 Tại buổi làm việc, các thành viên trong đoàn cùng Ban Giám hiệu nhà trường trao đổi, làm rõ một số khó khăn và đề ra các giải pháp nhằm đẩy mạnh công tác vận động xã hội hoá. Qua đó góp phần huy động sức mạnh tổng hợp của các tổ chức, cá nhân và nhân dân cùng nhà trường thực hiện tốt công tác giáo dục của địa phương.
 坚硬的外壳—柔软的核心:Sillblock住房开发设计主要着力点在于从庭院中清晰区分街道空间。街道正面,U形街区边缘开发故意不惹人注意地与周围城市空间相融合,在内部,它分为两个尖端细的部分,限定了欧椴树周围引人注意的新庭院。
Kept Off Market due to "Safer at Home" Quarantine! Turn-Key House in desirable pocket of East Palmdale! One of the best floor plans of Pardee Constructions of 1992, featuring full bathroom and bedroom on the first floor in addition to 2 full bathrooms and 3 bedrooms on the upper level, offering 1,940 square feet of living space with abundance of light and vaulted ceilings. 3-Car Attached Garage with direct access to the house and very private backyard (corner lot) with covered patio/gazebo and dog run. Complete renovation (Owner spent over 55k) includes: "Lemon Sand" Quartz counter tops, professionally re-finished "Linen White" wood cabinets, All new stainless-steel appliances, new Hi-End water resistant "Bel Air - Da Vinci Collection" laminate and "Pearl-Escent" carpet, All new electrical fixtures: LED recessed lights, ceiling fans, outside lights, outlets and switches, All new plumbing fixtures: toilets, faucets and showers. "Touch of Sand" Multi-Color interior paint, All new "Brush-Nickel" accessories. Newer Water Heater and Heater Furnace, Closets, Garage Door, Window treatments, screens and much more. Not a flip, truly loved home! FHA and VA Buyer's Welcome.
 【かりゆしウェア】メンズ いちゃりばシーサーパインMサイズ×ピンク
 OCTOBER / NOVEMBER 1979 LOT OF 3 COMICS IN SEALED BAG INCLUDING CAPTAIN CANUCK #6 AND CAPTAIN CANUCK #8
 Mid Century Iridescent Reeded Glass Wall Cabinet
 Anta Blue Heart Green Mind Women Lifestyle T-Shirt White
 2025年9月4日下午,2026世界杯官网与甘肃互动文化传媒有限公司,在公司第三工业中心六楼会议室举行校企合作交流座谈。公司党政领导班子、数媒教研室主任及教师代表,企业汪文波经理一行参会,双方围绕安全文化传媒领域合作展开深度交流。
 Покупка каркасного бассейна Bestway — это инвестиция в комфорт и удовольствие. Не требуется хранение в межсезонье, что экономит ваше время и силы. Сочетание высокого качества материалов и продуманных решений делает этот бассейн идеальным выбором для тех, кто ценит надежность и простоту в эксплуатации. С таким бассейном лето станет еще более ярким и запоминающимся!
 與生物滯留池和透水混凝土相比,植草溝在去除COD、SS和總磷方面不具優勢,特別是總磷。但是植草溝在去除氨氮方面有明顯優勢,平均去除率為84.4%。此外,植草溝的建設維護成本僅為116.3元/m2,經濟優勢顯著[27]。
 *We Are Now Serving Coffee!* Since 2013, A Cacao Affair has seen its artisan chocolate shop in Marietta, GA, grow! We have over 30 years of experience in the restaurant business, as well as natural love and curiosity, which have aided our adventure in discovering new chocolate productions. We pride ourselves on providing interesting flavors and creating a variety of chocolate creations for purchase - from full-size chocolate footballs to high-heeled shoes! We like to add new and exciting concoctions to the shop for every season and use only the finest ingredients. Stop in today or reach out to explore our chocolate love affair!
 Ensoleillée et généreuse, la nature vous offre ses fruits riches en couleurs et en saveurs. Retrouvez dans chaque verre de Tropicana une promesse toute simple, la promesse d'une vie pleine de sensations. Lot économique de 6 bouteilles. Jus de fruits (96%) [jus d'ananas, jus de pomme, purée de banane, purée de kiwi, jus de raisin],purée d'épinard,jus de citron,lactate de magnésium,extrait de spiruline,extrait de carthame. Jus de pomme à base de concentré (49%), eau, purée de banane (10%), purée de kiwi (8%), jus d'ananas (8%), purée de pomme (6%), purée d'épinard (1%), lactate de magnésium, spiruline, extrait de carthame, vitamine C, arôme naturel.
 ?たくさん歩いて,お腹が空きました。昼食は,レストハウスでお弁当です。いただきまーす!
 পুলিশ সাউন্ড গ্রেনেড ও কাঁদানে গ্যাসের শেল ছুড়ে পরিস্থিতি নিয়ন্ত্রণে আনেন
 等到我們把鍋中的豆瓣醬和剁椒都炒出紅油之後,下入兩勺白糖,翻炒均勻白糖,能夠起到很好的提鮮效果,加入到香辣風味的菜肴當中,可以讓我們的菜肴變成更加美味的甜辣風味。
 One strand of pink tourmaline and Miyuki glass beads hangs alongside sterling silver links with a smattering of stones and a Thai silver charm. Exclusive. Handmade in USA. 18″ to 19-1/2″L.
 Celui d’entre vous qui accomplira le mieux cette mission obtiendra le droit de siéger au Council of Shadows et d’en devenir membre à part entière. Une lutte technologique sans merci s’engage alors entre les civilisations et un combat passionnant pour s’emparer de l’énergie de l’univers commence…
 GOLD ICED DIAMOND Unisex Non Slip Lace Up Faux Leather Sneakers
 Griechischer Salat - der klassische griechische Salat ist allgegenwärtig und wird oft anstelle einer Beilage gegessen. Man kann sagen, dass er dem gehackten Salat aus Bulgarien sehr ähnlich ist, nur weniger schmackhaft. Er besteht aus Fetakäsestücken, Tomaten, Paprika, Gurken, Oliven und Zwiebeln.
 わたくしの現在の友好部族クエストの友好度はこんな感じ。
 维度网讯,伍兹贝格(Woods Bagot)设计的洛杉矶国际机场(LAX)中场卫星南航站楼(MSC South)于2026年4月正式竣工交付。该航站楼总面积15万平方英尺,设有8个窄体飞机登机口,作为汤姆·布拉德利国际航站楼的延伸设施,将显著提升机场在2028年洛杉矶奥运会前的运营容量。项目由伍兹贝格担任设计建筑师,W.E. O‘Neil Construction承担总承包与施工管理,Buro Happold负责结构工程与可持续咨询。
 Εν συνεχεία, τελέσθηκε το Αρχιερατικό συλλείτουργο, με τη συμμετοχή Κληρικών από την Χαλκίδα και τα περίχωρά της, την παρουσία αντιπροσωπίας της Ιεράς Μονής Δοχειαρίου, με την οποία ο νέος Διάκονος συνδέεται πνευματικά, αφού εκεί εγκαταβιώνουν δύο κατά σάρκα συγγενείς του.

Task to complete:
All of the entries above need to be retyped exactly.

Written response:
 Tại buổi làm việc, các thành viên trong đoàn cùng Ban Giám hiệu nhà trường trao đổi, làm rõ một số khó khăn và đề ra các giải pháp nhằm đẩy mạnh công tác vận động xã hội hoá. Qua đó góp phần huy động sức mạnh tổng hợp của các tổ chức, cá nhân và nhân dân cùng nhà trường thực hiện tốt công tác giáo dục của địa phương.
 坚硬的外壳—柔软的核心:Sillblock住房开发设计主要着力点在于从庭院中清晰区分街道空间。街道正面,U形街区边缘开发故意不惹人注意地与周围城市空间相融合,在内部,它分为两个尖端细的部分,限定了欧椴树周围引人注意的新庭院。
Kept Off Market due to "Safer at Home" Quarantine! Turn-Key House in desirable pocket of East Palmdale! One of the best floor plans of Pardee Constructions of 1992, featuring full bathroom and bedroom on the first floor in addition to 2 full bathrooms and 3 bedrooms on the upper level, offering 1,940 square feet of living space with abundance of light and vaulted ceilings. 3-Car Attached Garage with direct access to the house and very private backyard (corner lot) with covered patio/gazebo and dog run. Complete renovation (Owner spent over 55k) includes: "Lemon Sand" Quartz counter tops, professionally re-finished "Linen White" wood cabinets, All new stainless-steel appliances, new Hi-End water resistant "Bel Air - Da Vinci Collection" laminate and "Pearl-Escent" carpet, All new electrical fixtures: LED recessed lights, ceiling fans, outside lights, outlets and switches, All new plumbing fixtures: toilets, faucets and showers. "Touch of Sand" Multi-Color interior paint, All new "Brush-Nickel" accessories. Newer Water Heater and Heater Furnace, Closets, Garage Door, Window treatments, screens and much more. Not a flip, truly loved home! FHA and VA Buyer's Welcome.
 【かりゆしウェア】メンズ いちゃりばシーサーパインMサイズ×ピンク
 OCTOBER / NOVEMBER 1979 LOT OF 3 COMICS IN SEALED BAG INCLUDING CAPTAIN CANUCK #6 AND CAPTAIN CANUCK #8
 Mid Century Iridescent Reeded Glass Wall Cabinet
 Anta Blue Heart Green Mind Women Lifestyle T-Shirt White
 2025年9月4日下午,2026世界杯官网与甘肃互动文化传媒有限公司,在公司第三工业中心六楼会议室举行校企合作交流座谈。公司党政领导班子、数媒教研室主任及教师代表,企业汪文波经理一行参会,双方围绕安全文化传媒领域合作展开深度交流。
 Покупка каркасного бассейна Bestway — это инвестиция в комфорт и удовольствие. Не требуется хранение в межсезонье, что экономит ваше время и силы. Сочетание высокого качества материалов и продуманных решений делает этот бассейн идеальным выбором для тех, кто ценит надежность и простоту в эксплуатации. С таким бассейном лето станет еще более ярким и запоминающимся!
 與生物滯留池和透水混凝土相比,植草溝在去除COD、SS和總磷方面不具優勢,特別是總磷。但是植草溝在去除氨氮方面有明顯優勢,平均去除率為84.4%。此外,植草溝的建設維護成本僅為116.3元/m2,經濟優勢顯著[27]。
 *We Are Now Serving Coffee!* Since 2013, A Cacao Affair has seen its artisan chocolate shop in Marietta, GA, grow! We have over 30 years of experience in the restaurant business, as well as natural love and curiosity, which have aided our adventure in discovering new chocolate productions. We pride ourselves on providing interesting flavors and creating a variety of chocolate creations for purchase - from full-size chocolate footballs to high-heeled shoes! We like to add new and exciting concoctions to the shop for every season and use only the finest ingredients. Stop in today or reach out to explore our chocolate love affair!
 Ensoleillée et généreuse, la nature vous offre ses fruits riches en couleurs et en saveurs. Retrouvez dans chaque verre de Tropicana une promesse toute simple, la promesse d'une vie pleine de sensations. Lot économique de 6 bouteilles. Jus de fruits (96%) [jus d'ananas, jus de pomme, purée de banane, purée de kiwi, jus de raisin],purée d'épinard,jus de citron,lactate de magnésium,extrait de spiruline,extrait de carthame. Jus de pomme à base de concentré (49%), eau, purée de banane (10%), purée de kiwi (8%), jus d'ananas (8%), purée de pomme (6%), purée d'épinard (1%), lactate de magnésium, spiruline, extrait de carthame, vitamine C, arôme naturel.
 ?たくさん歩いて,お腹が空きました。昼食は,レストハウスでお弁当です。いただきまーす!
 পুলিশ সাউন্ড গ্রেনেড ও কাঁদানে গ্যাসের শেল ছুড়ে পরিস্থিতি নিয়ন্ত্রণে আনেন
 等到我們把鍋中的豆瓣醬和剁椒都炒出紅油之後,下入兩勺白糖,翻炒均勻白糖,能夠起到很好的提鮮效果,加入到香辣風味的菜肴當中,可以讓我們的菜肴變成更加美味的甜辣風味。
 One strand of pink tourmaline and Miyuki glass beads hangs alongside sterling silver links with a smattering of stones and a Thai silver charm. Exclusive. Handmade in USA. 18″ to 19-1/2″L.
 Celui d’entre vous qui accomplira le mieux cette mission obtiendra le droit de siéger au Council of Shadows et d’en devenir membre à part entière. Une lutte technologique sans merci s’engage alors entre les civilisations et un combat passionnant pour s’emparer de l’énergie de l’univers commence…
 GOLD ICED DIAMOND Unisex Non Slip Lace Up Faux Leather Sneakers
 Griechischer Salat - der klassische griechische Salat ist allgegenwärtig und wird oft anstelle einer Beilage gegessen. Man kann sagen, dass er dem gehackten Salat aus Bulgarien sehr ähnlich ist, nur weniger schmackhaft. Er besteht aus Fetakäsestücken, Tomaten, Paprika, Gurken, Oliven und Zwiebeln.
 わたくしの現在の友好部族クエストの友好度はこんな感じ。
 维度网讯,伍兹贝格(Woods Bagot)设计的洛杉矶国际机场(LAX)中场卫星南航站楼(MSC South)于2026年4月正式竣工交付。该航站楼总面积15万平方英尺,设有8个窄体飞机登机口,作为汤姆·布拉德利国际航站楼的延伸设施,将显著提升机场在2028年洛杉矶奥运会前的运营容量。项目由伍兹贝格担任设计建筑师,W.E. O‘Neil Construction承担总承包与施工管理,Buro Happold负责结构工程与可持续咨询。
 Εν συνεχεία, τελέσθηκε το Αρχιερατικό συλλείτουργο, με τη συμμετοχή Κληρικών από την Χαλκίδα και τα περίχωρά της, την παρουσία αντιπροσωπίας της Ιεράς Μονής Δοχειαρίου, με την οποία ο νέος Διάκονος συνδέεται πνευματικά, αφού εκεί εγκαταβιώνουν δύο κατά σάρκα συγγενείς του.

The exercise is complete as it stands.